▶ _WORK INSTRUCTIONS_: Nothing but the images is to be left out of your exact copy of the entries.

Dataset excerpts
----

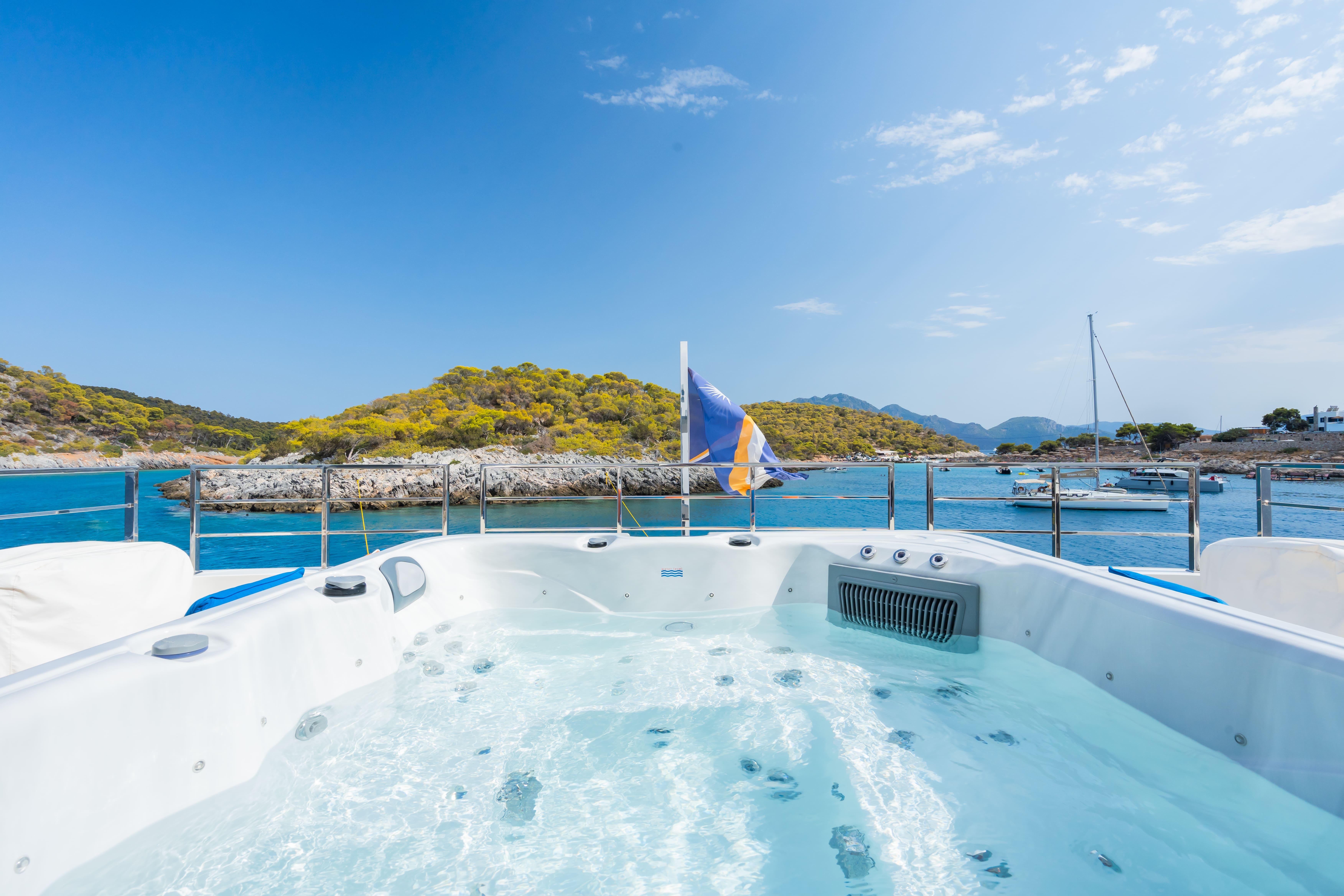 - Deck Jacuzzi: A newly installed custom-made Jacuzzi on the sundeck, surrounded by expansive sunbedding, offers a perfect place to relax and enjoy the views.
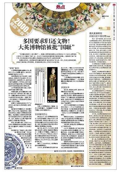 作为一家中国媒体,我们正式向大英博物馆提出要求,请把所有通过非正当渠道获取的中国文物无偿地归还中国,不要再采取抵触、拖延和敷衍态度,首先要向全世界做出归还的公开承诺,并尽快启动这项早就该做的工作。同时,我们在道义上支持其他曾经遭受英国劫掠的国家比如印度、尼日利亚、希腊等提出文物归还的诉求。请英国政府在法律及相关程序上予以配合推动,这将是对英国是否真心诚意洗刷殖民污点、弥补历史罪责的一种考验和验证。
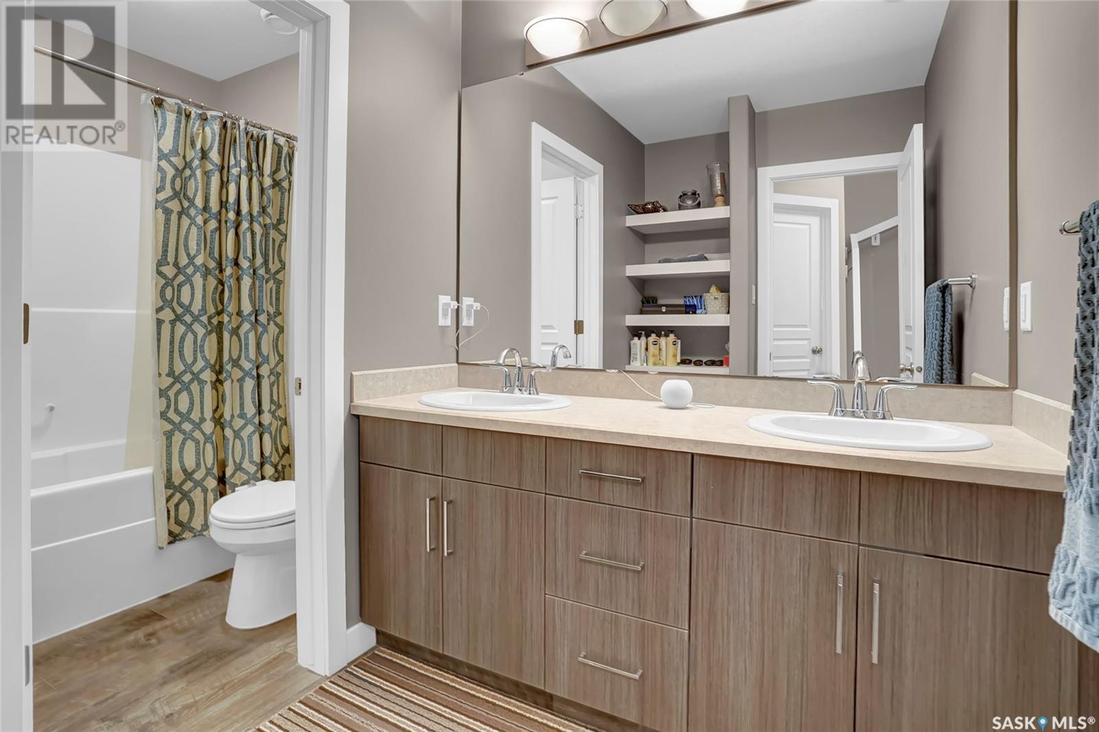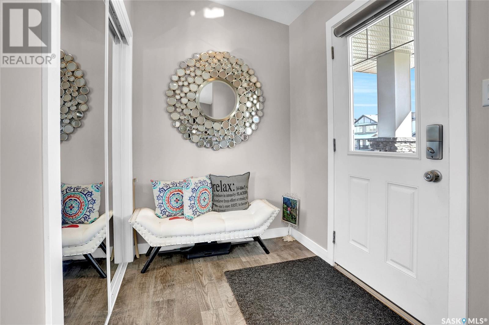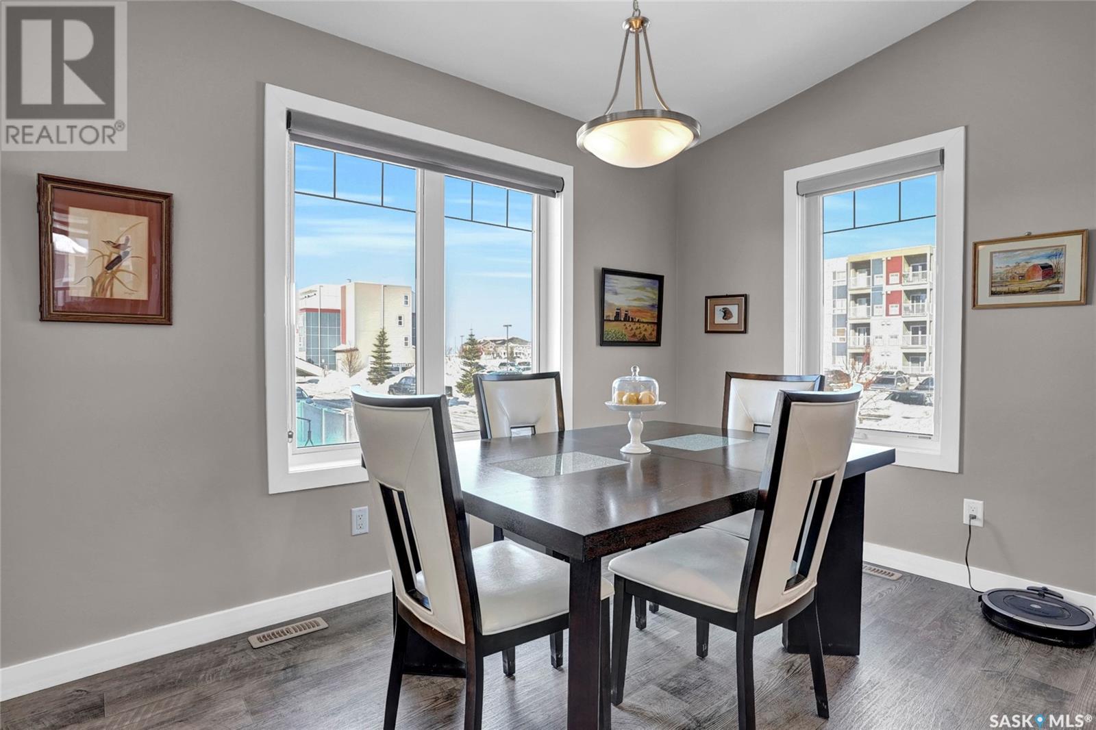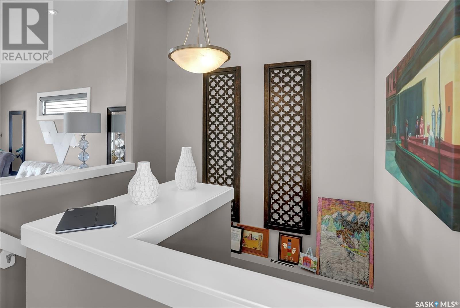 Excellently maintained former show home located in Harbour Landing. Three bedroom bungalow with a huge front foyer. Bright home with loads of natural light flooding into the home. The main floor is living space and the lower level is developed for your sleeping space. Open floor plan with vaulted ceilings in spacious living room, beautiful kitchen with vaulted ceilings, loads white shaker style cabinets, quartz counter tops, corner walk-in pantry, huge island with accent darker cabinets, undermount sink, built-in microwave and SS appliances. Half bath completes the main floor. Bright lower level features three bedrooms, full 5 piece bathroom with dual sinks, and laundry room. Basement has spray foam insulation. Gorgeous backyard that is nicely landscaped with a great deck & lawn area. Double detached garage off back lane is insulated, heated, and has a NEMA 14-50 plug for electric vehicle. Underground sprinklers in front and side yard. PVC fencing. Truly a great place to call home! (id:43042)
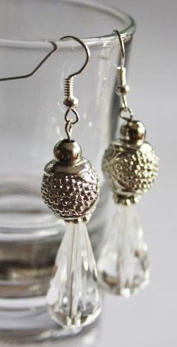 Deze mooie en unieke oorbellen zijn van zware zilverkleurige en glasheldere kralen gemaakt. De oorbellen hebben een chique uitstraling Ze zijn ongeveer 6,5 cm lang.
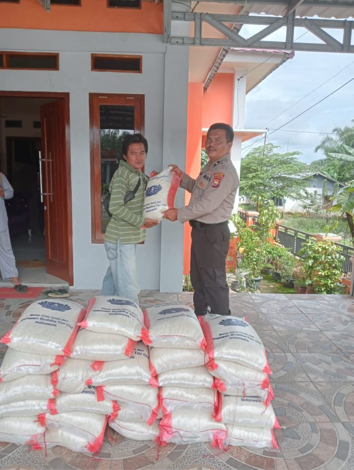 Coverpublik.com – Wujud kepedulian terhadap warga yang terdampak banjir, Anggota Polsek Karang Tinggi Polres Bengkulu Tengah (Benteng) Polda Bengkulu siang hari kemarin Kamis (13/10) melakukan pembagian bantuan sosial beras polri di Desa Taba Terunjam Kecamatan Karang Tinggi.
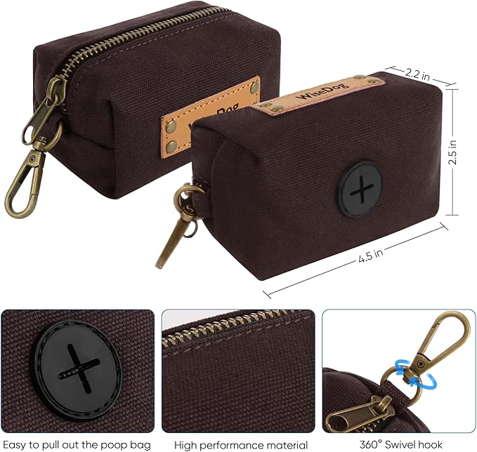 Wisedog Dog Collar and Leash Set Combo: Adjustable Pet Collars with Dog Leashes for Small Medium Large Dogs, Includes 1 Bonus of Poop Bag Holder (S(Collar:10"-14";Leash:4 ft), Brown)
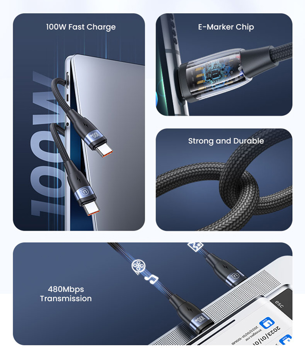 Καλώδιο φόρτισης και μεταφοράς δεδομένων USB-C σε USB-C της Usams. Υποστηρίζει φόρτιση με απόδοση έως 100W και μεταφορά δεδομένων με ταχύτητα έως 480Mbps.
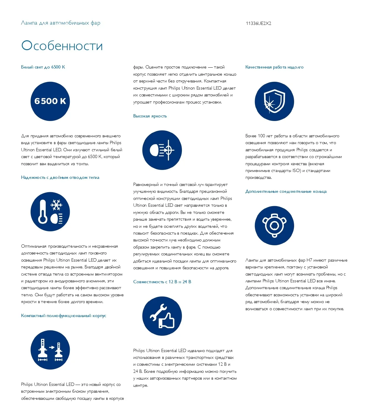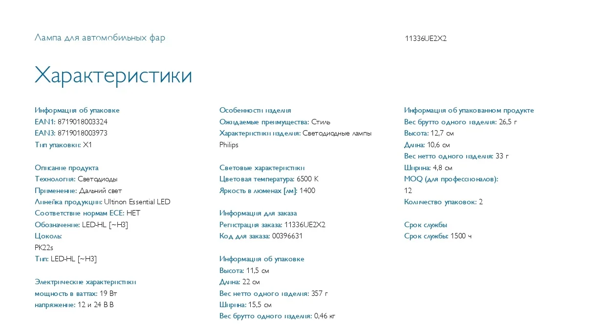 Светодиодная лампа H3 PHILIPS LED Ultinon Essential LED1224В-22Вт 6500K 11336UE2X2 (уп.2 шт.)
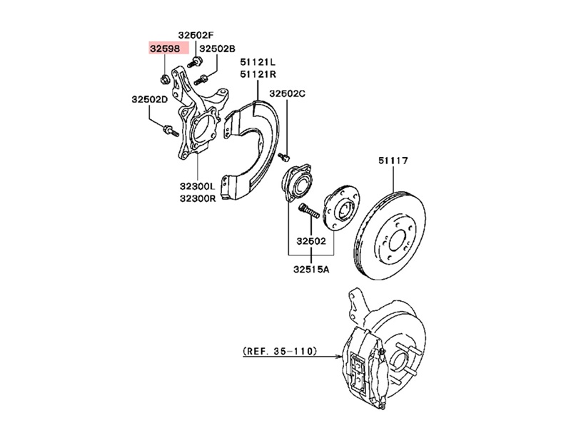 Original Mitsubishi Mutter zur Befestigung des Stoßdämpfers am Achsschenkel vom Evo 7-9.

----

▶ _RESULT BELOW_:
 - Deck Jacuzzi: A newly installed custom-made Jacuzzi on the sundeck, surrounded by expansive sunbedding, offers a perfect place to relax and enjoy the views.
 作为一家中国媒体,我们正式向大英博物馆提出要求,请把所有通过非正当渠道获取的中国文物无偿地归还中国,不要再采取抵触、拖延和敷衍态度,首先要向全世界做出归还的公开承诺,并尽快启动这项早就该做的工作。同时,我们在道义上支持其他曾经遭受英国劫掠的国家比如印度、尼日利亚、希腊等提出文物归还的诉求。请英国政府在法律及相关程序上予以配合推动,这将是对英国是否真心诚意洗刷殖民污点、弥补历史罪责的一种考验和验证。
 Excellently maintained former show home located in Harbour Landing. Three bedroom bungalow with a huge front foyer. Bright home with loads of natural light flooding into the home. The main floor is living space and the lower level is developed for your sleeping space. Open floor plan with vaulted ceilings in spacious living room, beautiful kitchen with vaulted ceilings, loads white shaker style cabinets, quartz counter tops, corner walk-in pantry, huge island with accent darker cabinets, undermount sink, built-in microwave and SS appliances. Half bath completes the main floor. Bright lower level features three bedrooms, full 5 piece bathroom with dual sinks, and laundry room. Basement has spray foam insulation. Gorgeous backyard that is nicely landscaped with a great deck & lawn area. Double detached garage off back lane is insulated, heated, and has a NEMA 14-50 plug for electric vehicle. Underground sprinklers in front and side yard. PVC fencing. Truly a great place to call home! (id:43042)
 Deze mooie en unieke oorbellen zijn van zware zilverkleurige en glasheldere kralen gemaakt. De oorbellen hebben een chique uitstraling Ze zijn ongeveer 6,5 cm lang.
 Coverpublik.com – Wujud kepedulian terhadap warga yang terdampak banjir, Anggota Polsek Karang Tinggi Polres Bengkulu Tengah (Benteng) Polda Bengkulu siang hari kemarin Kamis (13/10) melakukan pembagian bantuan sosial beras polri di Desa Taba Terunjam Kecamatan Karang Tinggi.
 Wisedog Dog Collar and Leash Set Combo: Adjustable Pet Collars with Dog Leashes for Small Medium Large Dogs, Includes 1 Bonus of Poop Bag Holder (S(Collar:10"-14";Leash:4 ft), Brown)
 Καλώδιο φόρτισης και μεταφοράς δεδομένων USB-C σε USB-C της Usams. Υποστηρίζει φόρτιση με απόδοση έως 100W και μεταφορά δεδομένων με ταχύτητα έως 480Mbps.
 Светодиодная лампа H3 PHILIPS LED Ultinon Essential LED1224В-22Вт 6500K 11336UE2X2 (уп.2 шт.)
 Original Mitsubishi Mutter zur Befestigung des Stoßdämpfers am Achsschenkel vom Evo 7-9.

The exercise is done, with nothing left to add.